2020年6月26日星期五

Strong Markov property for Brownian Bridge

The strong Markov property for Brownian motion is well known and it is also naturally true for the Brownian Bridge. In fact, since Brownian Bridge ended at $(T, 0)$ is thought as a Brownian Motion conditionned the end point, or thought as a perturbation for a linear interpolation, it is natural when we restart from another mid-point.

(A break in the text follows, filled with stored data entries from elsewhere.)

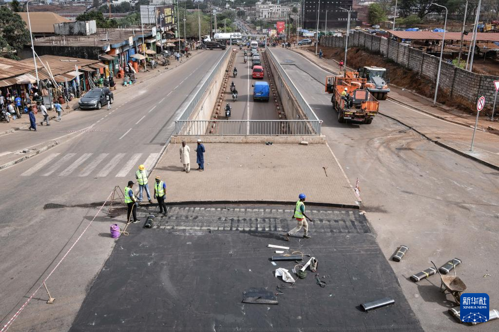 这是5月1日在几内亚首都科纳克里拍摄的邦贝德立交桥项目建设现场(无人机照片)。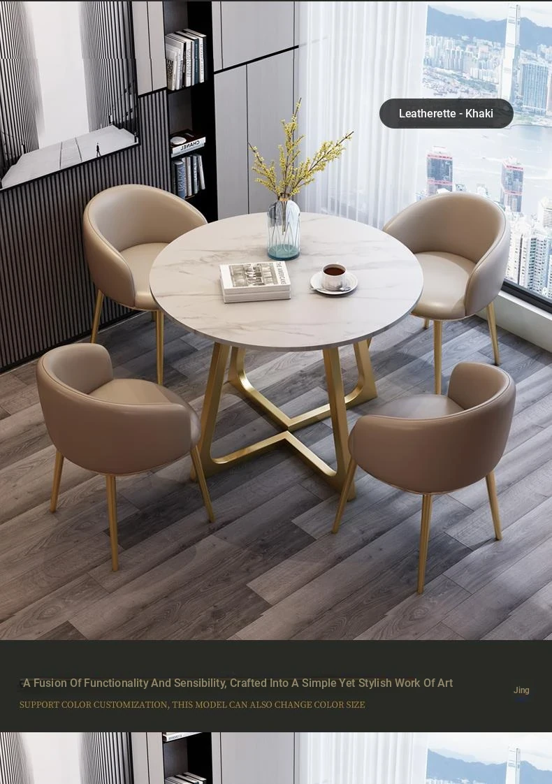 1 Table 4 black foot chair khaki PU leather imitation marble pattern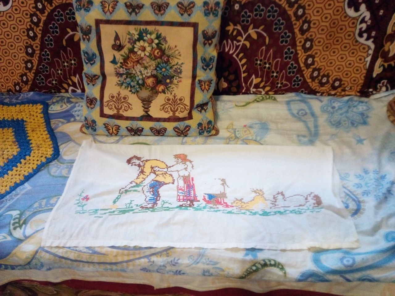 Наша героиня — творческий человек и весьма талантлива. В свободное время она занималась вышиванием. Валентина Александровна скромно показала вышивки крестиком и гладью. Уже и не странно, что такое замечательное занятие, являясь одним из проявлений умений прикладного характера, которым девочки обучались сызмальства, может служить лишним аргументом в пользу создания картины исторического быта нашего народа.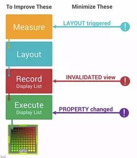 需要注意的是:任何时候View中的绘制内容发生变化时,都会重新执行创建DisplayList,渲染DisplayList,更新到屏幕上等一系列操作。这个流程的表现性能取决于你的View的复杂程度,View的状态变化以及渲染管道的执行性能。举个例子,假设某个Button的大小需要增大到目前的两倍,在增大Button大小之前,需要通过父View重新计算并摆放其他子View的位置。修改View的大小会触发整个HierarcyView的重新计算大小的操作。如果是修改View的位置则会触发HierarchView重新计算其他View的位置。如果布局很复杂,这就会很容易导致严重的性能问题。我们需要尽量减少Overdraw。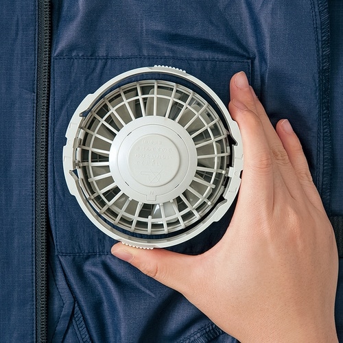 サイドファン仕様の空調服です。4Lサイズ以上はロングケーブルが必要となります。ファン・バッテリーは別売りです。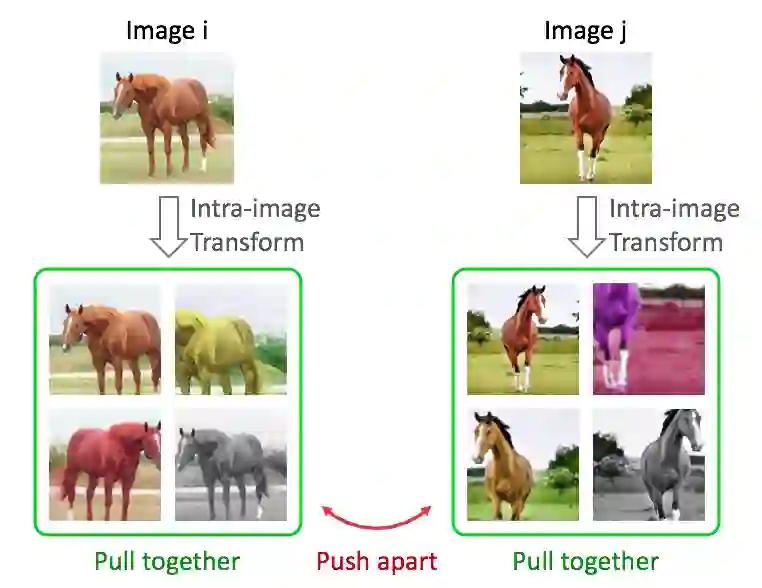 目前很火的基于contrastive learning的方法,我们可以将它们统一为instance discrimination任务。如下图,这类任务通常对图片做各种变换,然后优化目标是同一张图片的不同变换在特征空间中尽量接近,不同图片在特征空间中尽量远离。
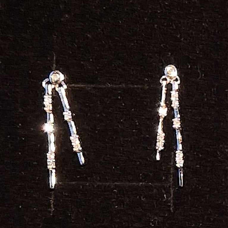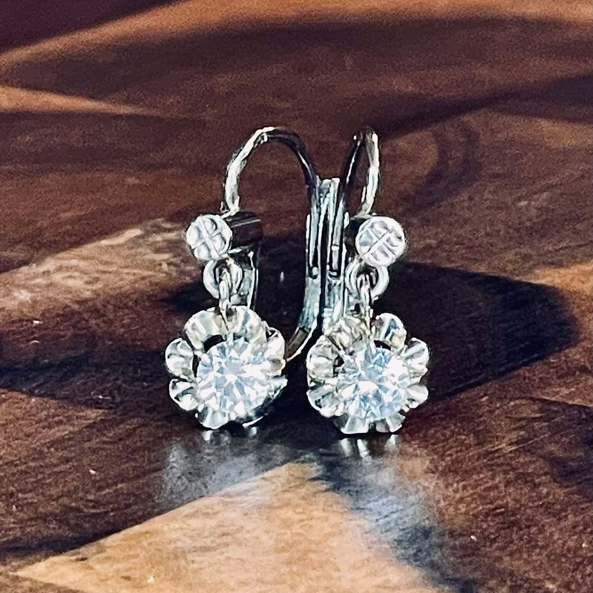 Élégante paire de boucles d’oreilles vintage des années 1950 réalisée en argent et spinelles blanches, dans un style moderniste emblématique de l’après-guerre. Ce bijou rare illustre le savoir-faire des grands ateliers parisiens de haute joaillerie. Attribué à l’atelier Georges Lenfant (Poinçon parcellaire sur le système), et notamment à Jacques Lenfant, reconnu pour l’excellence de ses mécanismes joailliers.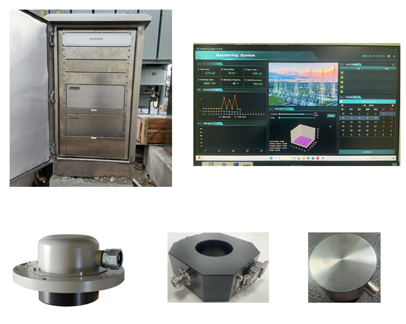 变压器局部放电在线监测系统主要由超高频传感器、高频传感器、超声波传感器、、局放分析装置、现场综合监控柜、局放数据库软件、服务器等组成。

To prove it rigorously, for example, the Markov property for the Brownian Bridge, we have to do some calculus. Let $(W_t)_{t \geq 0}$ be the standard Brownian motion issued from $0$, and we have $(B_t)_{s \leq t \leq T}$ defined as 
$$ B_t = x + W_t - W_s - \frac{t-s}{T-s}(x + W_T -W_s) ,$$
a Brownian Bridge between $s, T$ and at $s$ it is $x$ and at $T$ its value is $0$. One way to see this formula is that the term $x + W_t - W_s$ is the Brownian Motion while we have to reduce the term at the endpoint $T$. Some simple calculus shows that it is equal to 
$$B_t = \frac{T-t}{T-s}(x + W_t - W_s) - \frac{t-s}{T-s}(W_T - W_t).$$

A Markov property is very simple but requires calculus: we would like to show that for $s < r < t < T$ we have
$$B_t = B_r + W_t - W_r - \frac{t-r}{T-r}(B_r + W_T -W_r). \quad (\star)$$ 
Now we prove it. An intermediate step tells us 
$$ - \frac{t-r}{T-r}(B_r + W_T -W_r) = - \frac{t-r}{T-s}(x + W_T - W_s)$$ and we put it into the formula that 
$$RHS (\star) = x + W_r - W_s - \frac{r-s}{T-s}(x + W_T -W_s) + W_t - W_r - \frac{t-r}{T-s}(x + W_T - W_s)\\ = x + W_t - W_s - \frac{r-s}{T-s}(x + W_T -W_s) - \frac{t-r}{T-s}(x + W_T - W_s) \\ = x + W_t - W_s - \frac{t-s}{T-s}(x + W_T -W_s).$$ 
This proves the Markov property. Then the strong Markov property is just an approximation and the regularity of the trajectory.